#### What to work on
Print every line below exactly as written, but leave the pictures behind.

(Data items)
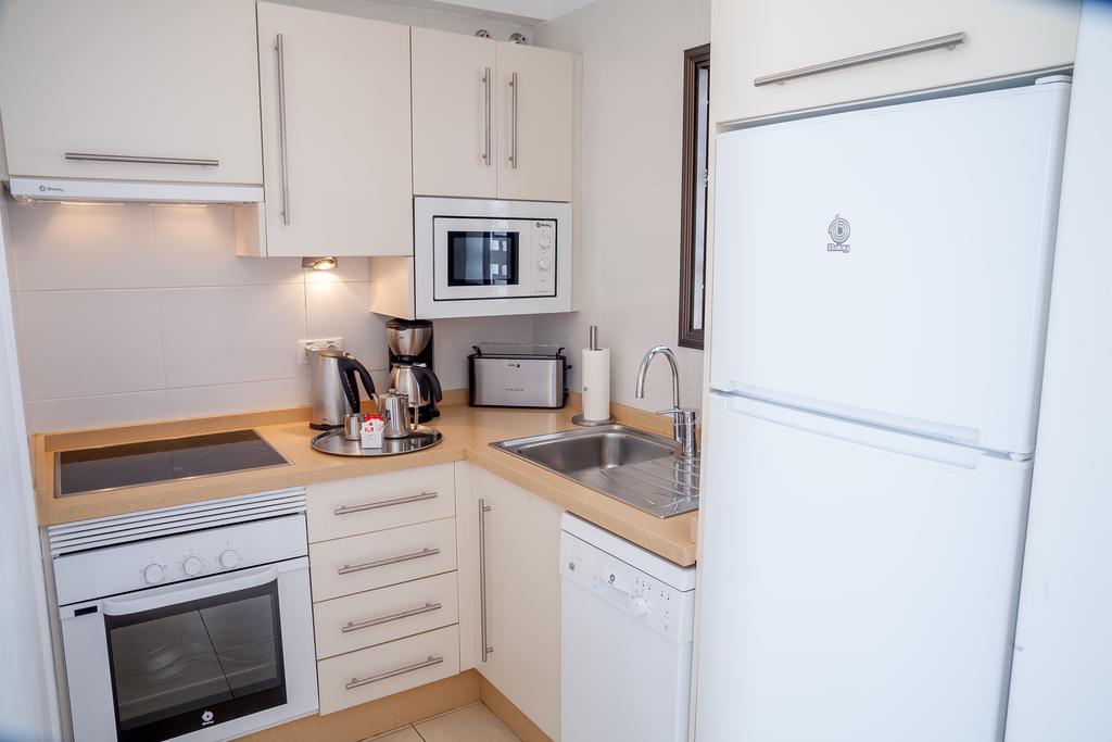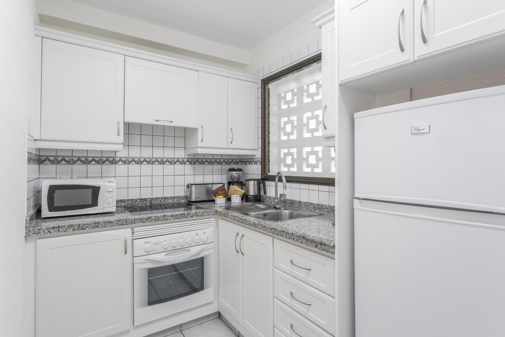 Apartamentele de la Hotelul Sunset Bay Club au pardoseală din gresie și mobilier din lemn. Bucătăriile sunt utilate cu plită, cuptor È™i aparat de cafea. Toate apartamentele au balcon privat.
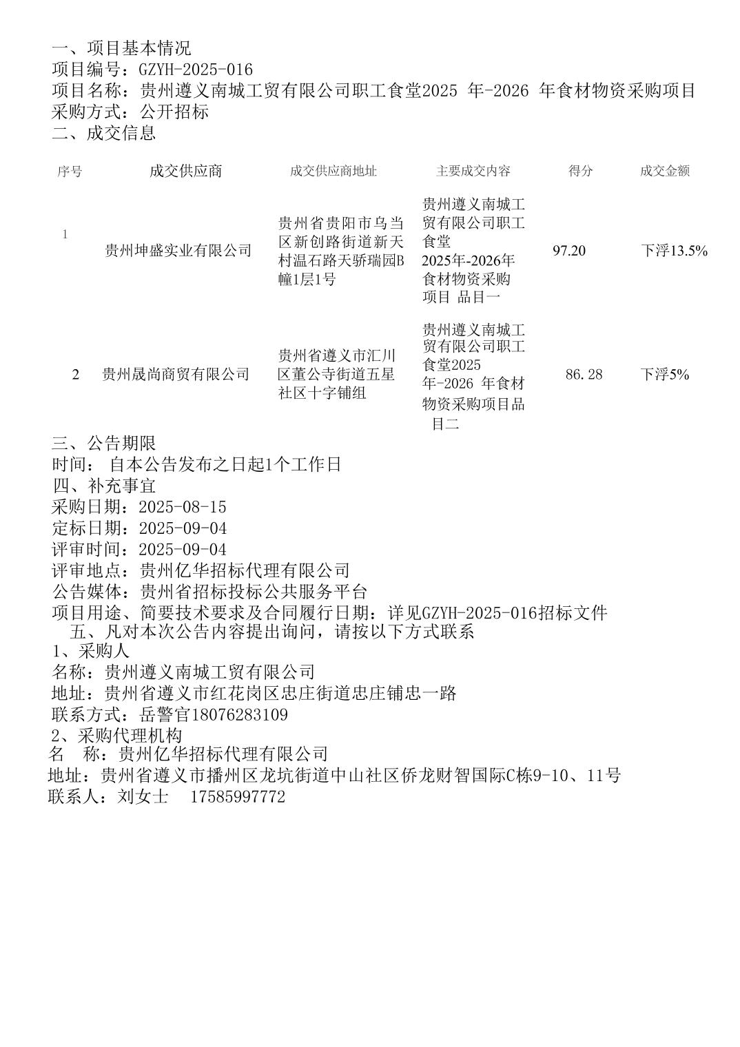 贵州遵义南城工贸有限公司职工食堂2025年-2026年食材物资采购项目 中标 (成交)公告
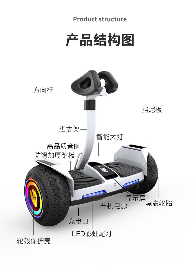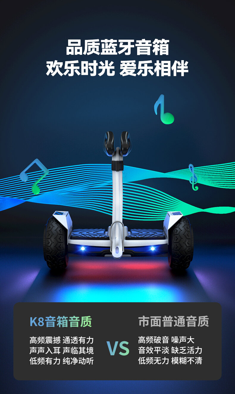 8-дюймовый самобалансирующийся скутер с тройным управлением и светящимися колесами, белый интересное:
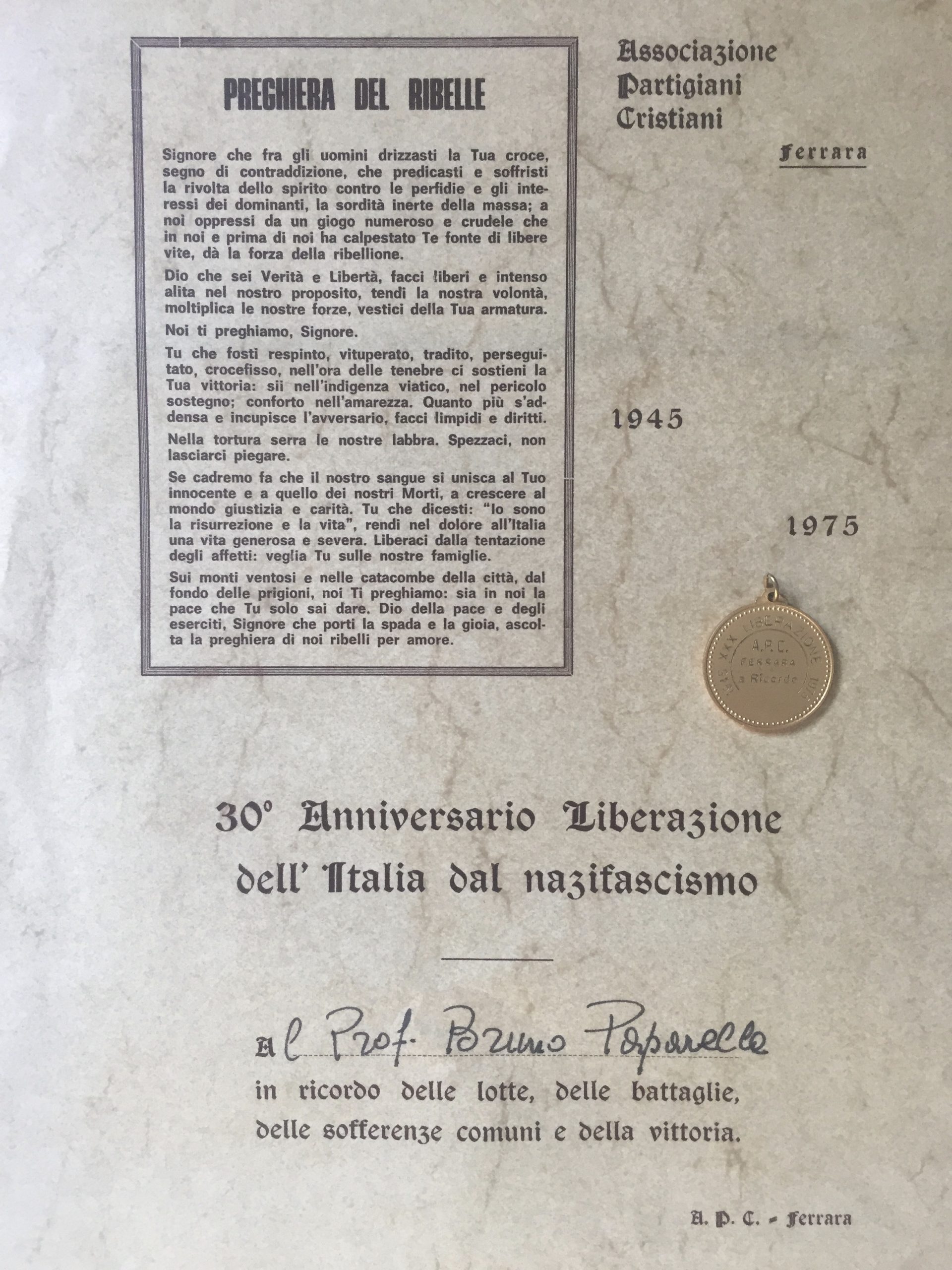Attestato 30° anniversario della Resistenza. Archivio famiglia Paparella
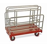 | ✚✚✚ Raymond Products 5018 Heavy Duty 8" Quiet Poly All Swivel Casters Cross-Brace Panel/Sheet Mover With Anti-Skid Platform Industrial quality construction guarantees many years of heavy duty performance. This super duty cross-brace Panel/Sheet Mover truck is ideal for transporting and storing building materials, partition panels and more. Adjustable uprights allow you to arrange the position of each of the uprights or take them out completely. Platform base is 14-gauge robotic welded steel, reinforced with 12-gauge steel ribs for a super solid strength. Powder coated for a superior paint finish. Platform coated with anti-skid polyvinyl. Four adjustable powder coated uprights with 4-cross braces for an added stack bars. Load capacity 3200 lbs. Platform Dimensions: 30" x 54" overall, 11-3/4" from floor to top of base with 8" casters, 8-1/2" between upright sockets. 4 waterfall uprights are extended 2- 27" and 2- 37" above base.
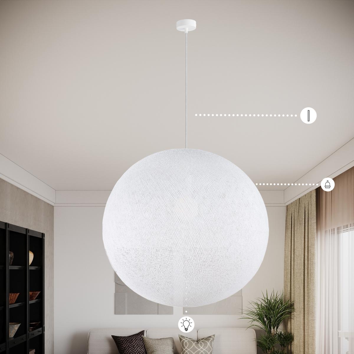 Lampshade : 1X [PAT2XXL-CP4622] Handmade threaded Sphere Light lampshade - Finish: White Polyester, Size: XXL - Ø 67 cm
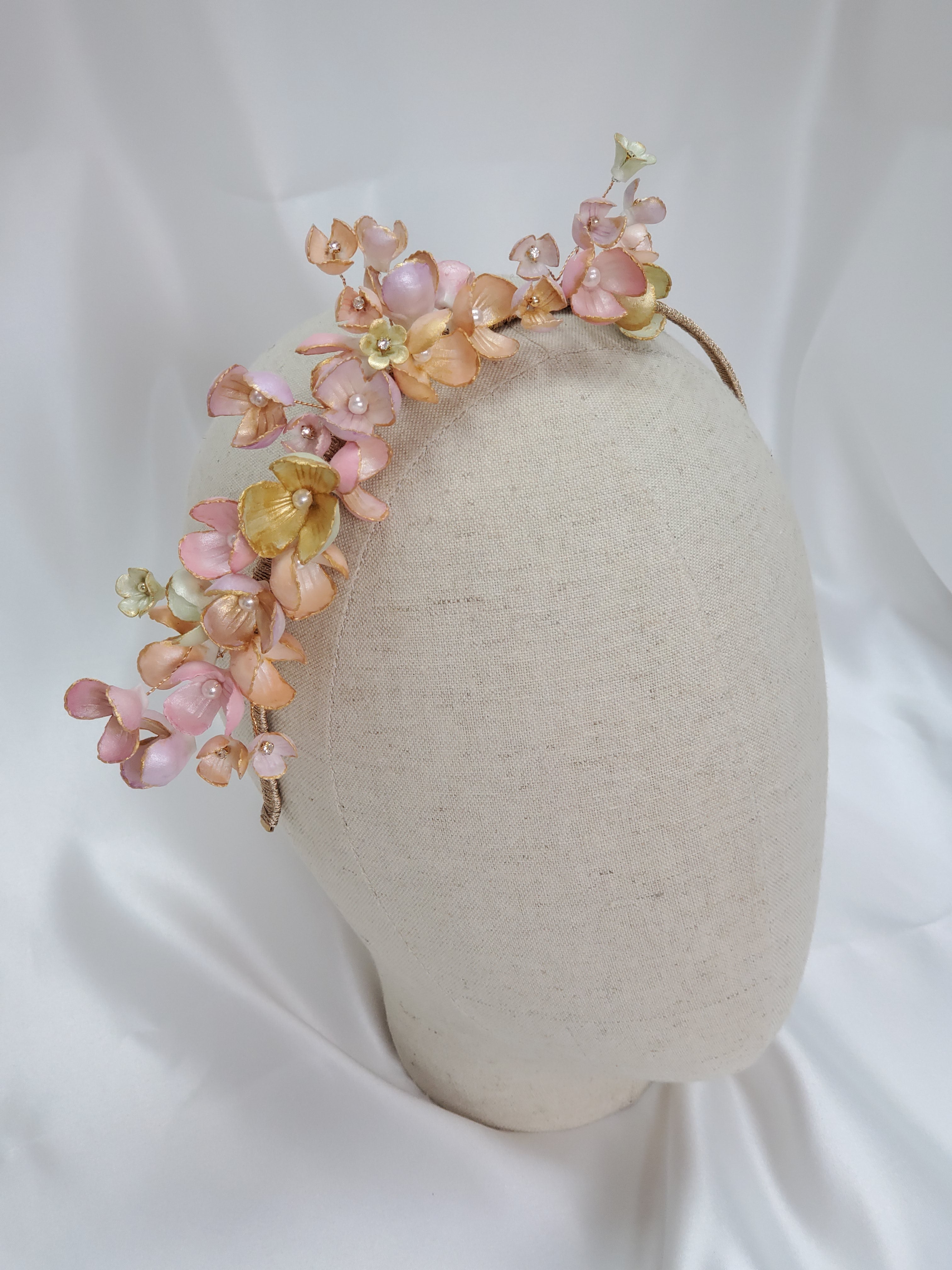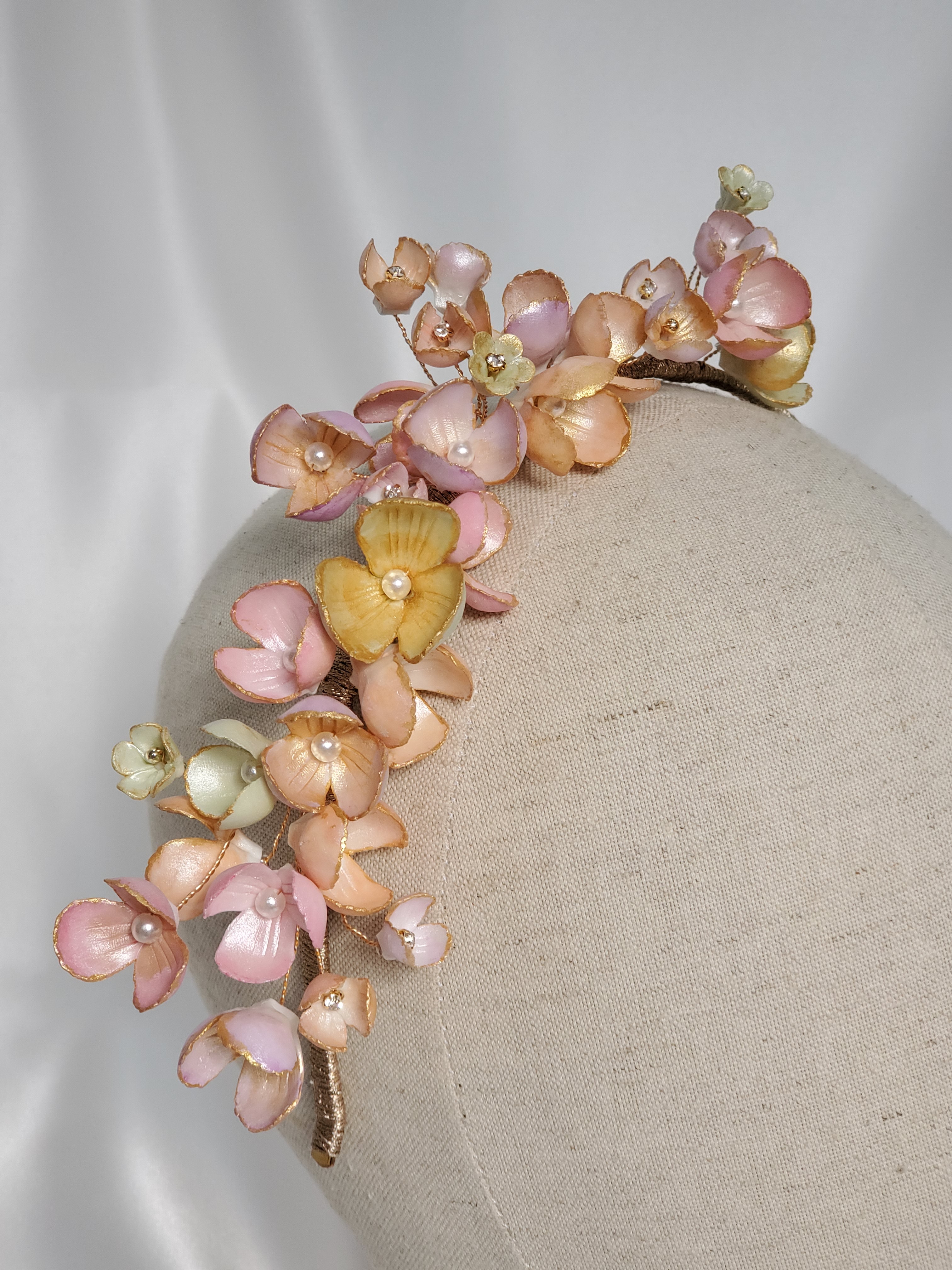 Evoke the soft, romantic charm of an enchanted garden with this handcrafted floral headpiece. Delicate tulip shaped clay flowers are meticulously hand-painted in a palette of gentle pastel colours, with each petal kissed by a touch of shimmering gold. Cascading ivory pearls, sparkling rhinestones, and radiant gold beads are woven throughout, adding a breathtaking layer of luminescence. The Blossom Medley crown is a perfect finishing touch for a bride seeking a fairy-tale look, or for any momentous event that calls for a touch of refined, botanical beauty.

#### Solution to this exercise
 Apartamentele de la Hotelul Sunset Bay Club au pardoseală din gresie și mobilier din lemn. Bucătăriile sunt utilate cu plită, cuptor È™i aparat de cafea. Toate apartamentele au balcon privat.
 贵州遵义南城工贸有限公司职工食堂2025年-2026年食材物资采购项目 中标 (成交)公告
 8-дюймовый самобалансирующийся скутер с тройным управлением и светящимися колесами, белый интересное:
Attestato 30° anniversario della Resistenza. Archivio famiglia Paparella
 | ✚✚✚ Raymond Products 5018 Heavy Duty 8" Quiet Poly All Swivel Casters Cross-Brace Panel/Sheet Mover With Anti-Skid Platform Industrial quality construction guarantees many years of heavy duty performance. This super duty cross-brace Panel/Sheet Mover truck is ideal for transporting and storing building materials, partition panels and more. Adjustable uprights allow you to arrange the position of each of the uprights or take them out completely. Platform base is 14-gauge robotic welded steel, reinforced with 12-gauge steel ribs for a super solid strength. Powder coated for a superior paint finish. Platform coated with anti-skid polyvinyl. Four adjustable powder coated uprights with 4-cross braces for an added stack bars. Load capacity 3200 lbs. Platform Dimensions: 30" x 54" overall, 11-3/4" from floor to top of base with 8" casters, 8-1/2" between upright sockets. 4 waterfall uprights are extended 2- 27" and 2- 37" above base.
 Lampshade : 1X [PAT2XXL-CP4622] Handmade threaded Sphere Light lampshade - Finish: White Polyester, Size: XXL - Ø 67 cm
 Evoke the soft, romantic charm of an enchanted garden with this handcrafted floral headpiece. Delicate tulip shaped clay flowers are meticulously hand-painted in a palette of gentle pastel colours, with each petal kissed by a touch of shimmering gold. Cascading ivory pearls, sparkling rhinestones, and radiant gold beads are woven throughout, adding a breathtaking layer of luminescence. The Blossom Medley crown is a perfect finishing touch for a bride seeking a fairy-tale look, or for any momentous event that calls for a touch of refined, botanical beauty.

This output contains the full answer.